* Collection entries:
━━━

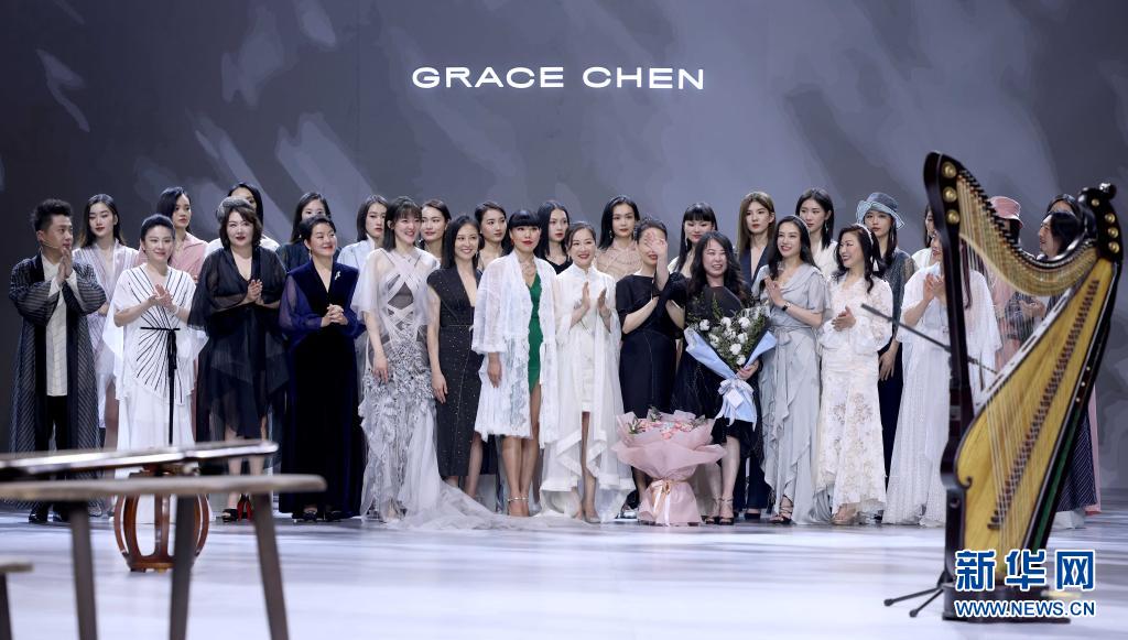 3月31日,在北京举行的2021秋冬中国国际时装周“GRACE CHEN 高级时装·Grace Chen”发布会上,设计师陈野槐(前、挥手者)和职业模特及嘉宾模特谢幕。新华社记者 陈建力 摄
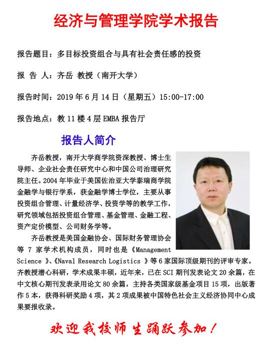 williamhill英国威廉希尔系列学术报告—齐岳教授
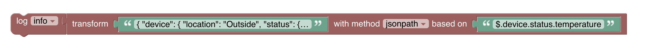 var jsonpath2= Transformation.transform("JSONPATH", "$.device.status.temperature", '{ "device": { "location": "Outside", "status": { "temperature": 23.2 }}}');
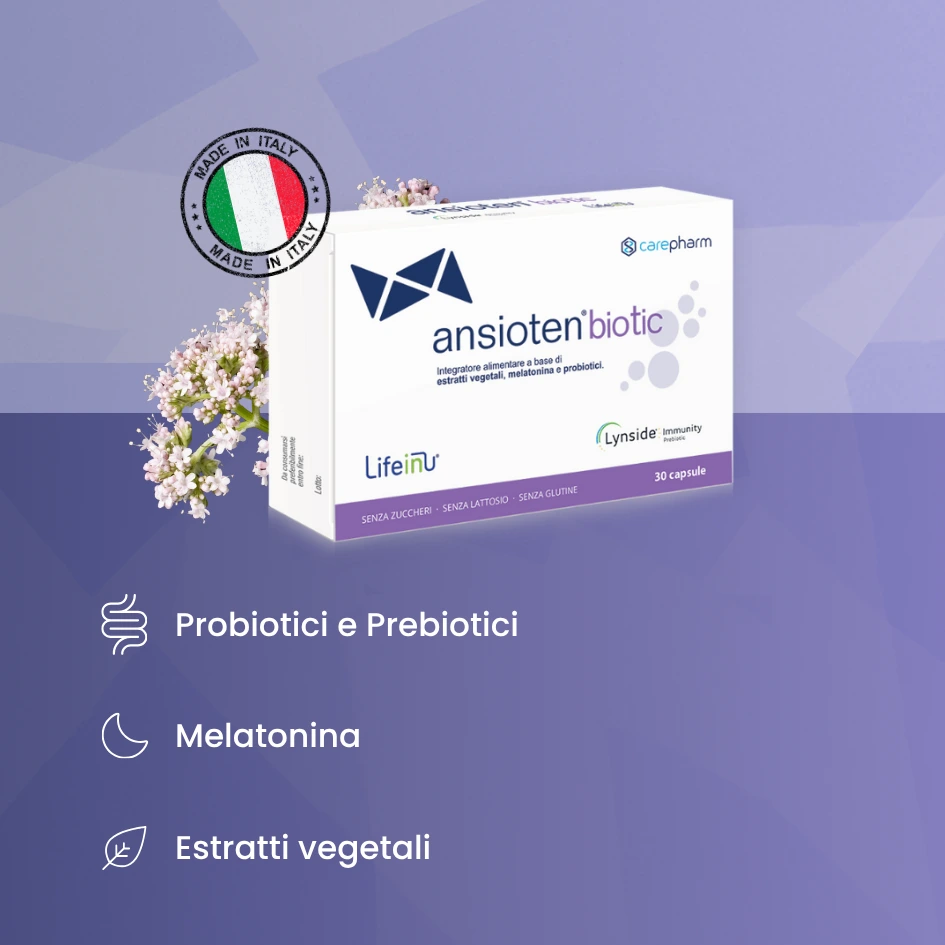 Stress, agitazione e disturbi del sonno non colpiscono solo la mente. Anche l’intestino risponde, alterando il suo equilibrio. Ansioten Biotic nasce per supportare il benessere psicofisico, agendo su entrambi i fronti: mentale e gastrointestinale.
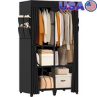 Portable Clothes Rack Organizer Wardrobe W/ Dustproof Cover Easy Setup New
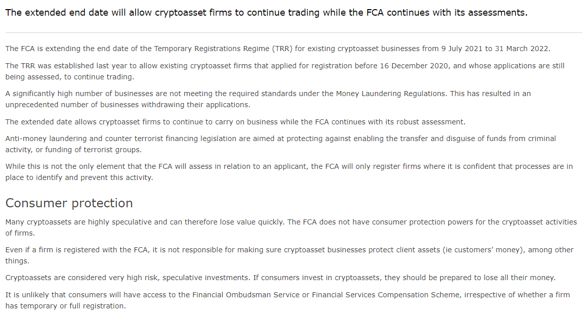 이번에 시한이 연장됨에 따라 암호화폐 관련 기업은 FCA 심사 기간 동안 사업을 더 계속할 수 있게 됐다.FCA는 연장의 발표에서, 다음과 같이 말했다.
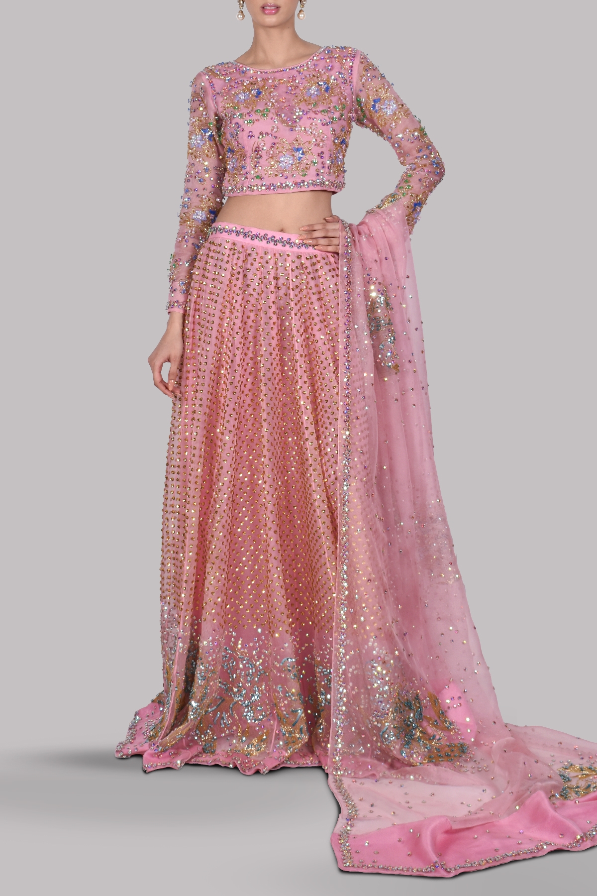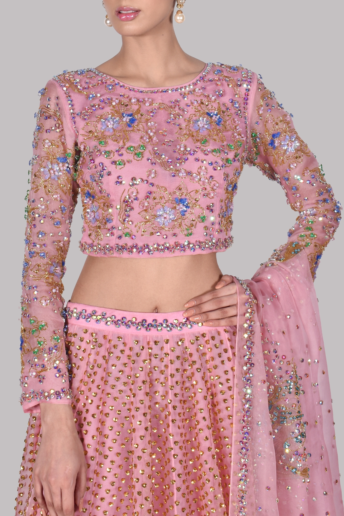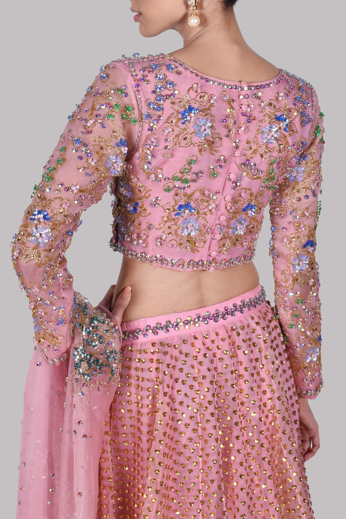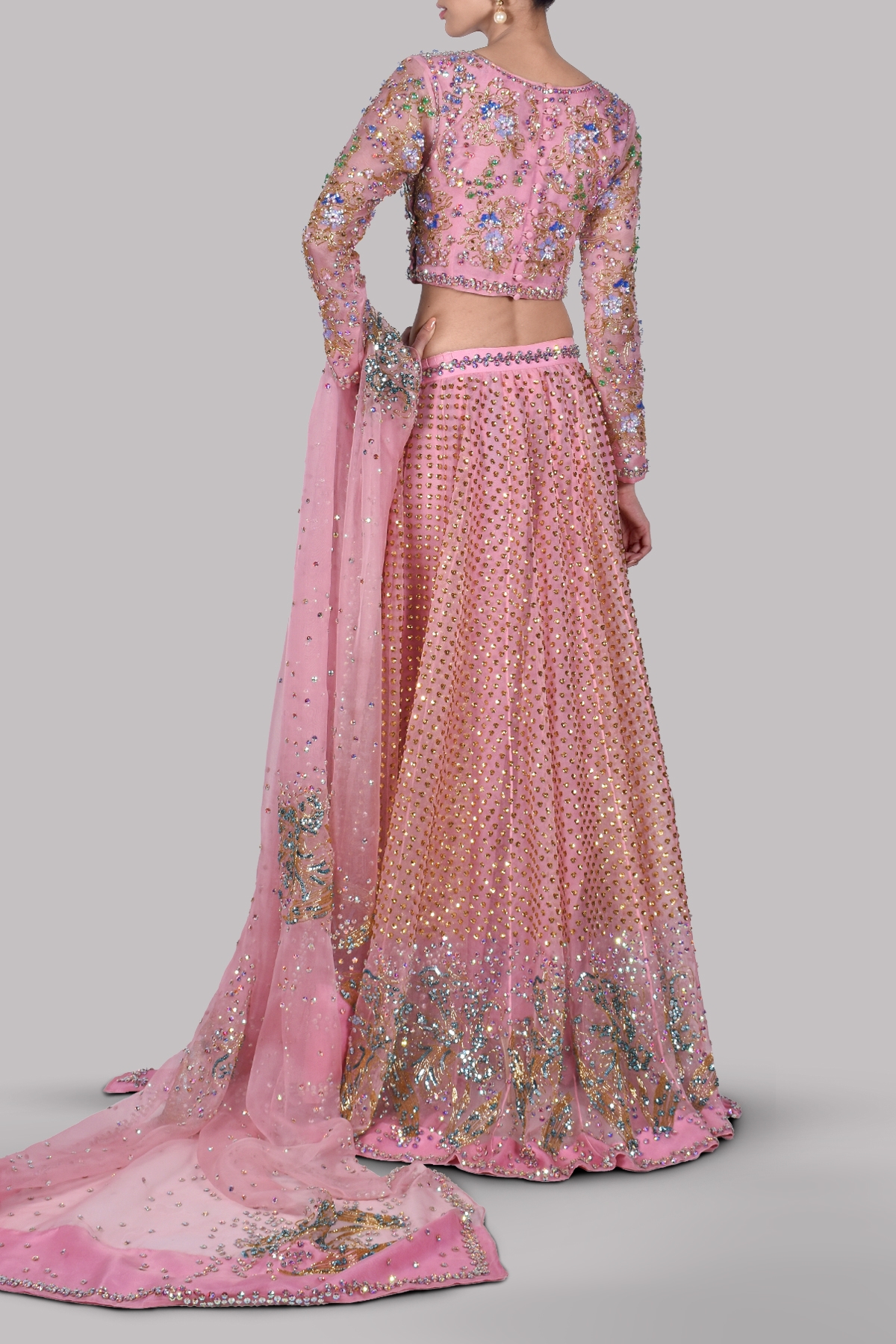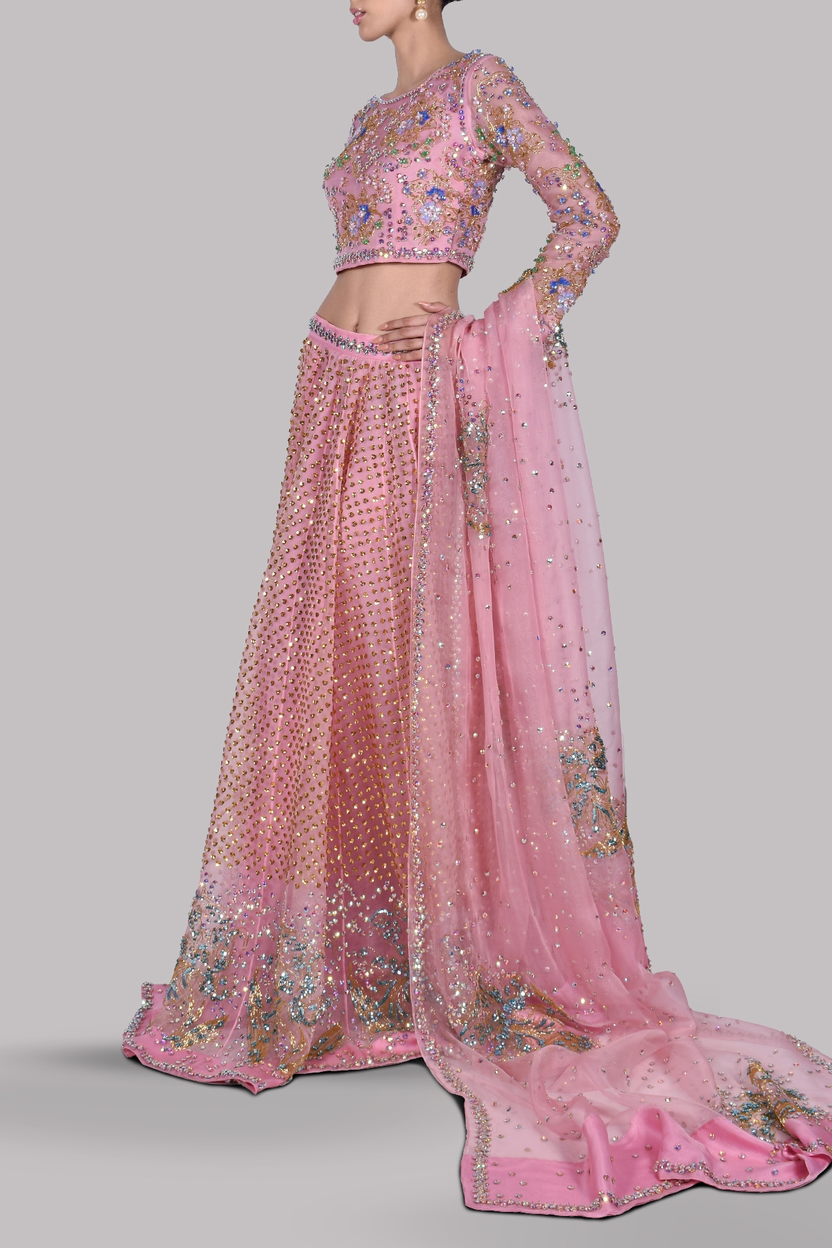 Our Mystical Tickled Pink skirt set with a low neck raw silk cropped blouse, heavily hand embellished to perfection with multi-coloured French and Italian glistening sequins work, elevated with perfect cut and extravagant details. Impeccably tailored with homogeneous embellished raw silk skirt and embellished organza dupatta gleaming in sequins. This is a perfect and elegant ensemble for the exquisite MUSE bride.

━━━

* What the exercise asks:
Excluding all pictures, output exactly the lines from the line containing "Portable Clothes Rack" through the last line of the entries above.

* Response:
 Portable Clothes Rack Organizer Wardrobe W/ Dustproof Cover Easy Setup New
 이번에 시한이 연장됨에 따라 암호화폐 관련 기업은 FCA 심사 기간 동안 사업을 더 계속할 수 있게 됐다.FCA는 연장의 발표에서, 다음과 같이 말했다.
 Our Mystical Tickled Pink skirt set with a low neck raw silk cropped blouse, heavily hand embellished to perfection with multi-coloured French and Italian glistening sequins work, elevated with perfect cut and extravagant details. Impeccably tailored with homogeneous embellished raw silk skirt and embellished organza dupatta gleaming in sequins. This is a perfect and elegant ensemble for the exquisite MUSE bride.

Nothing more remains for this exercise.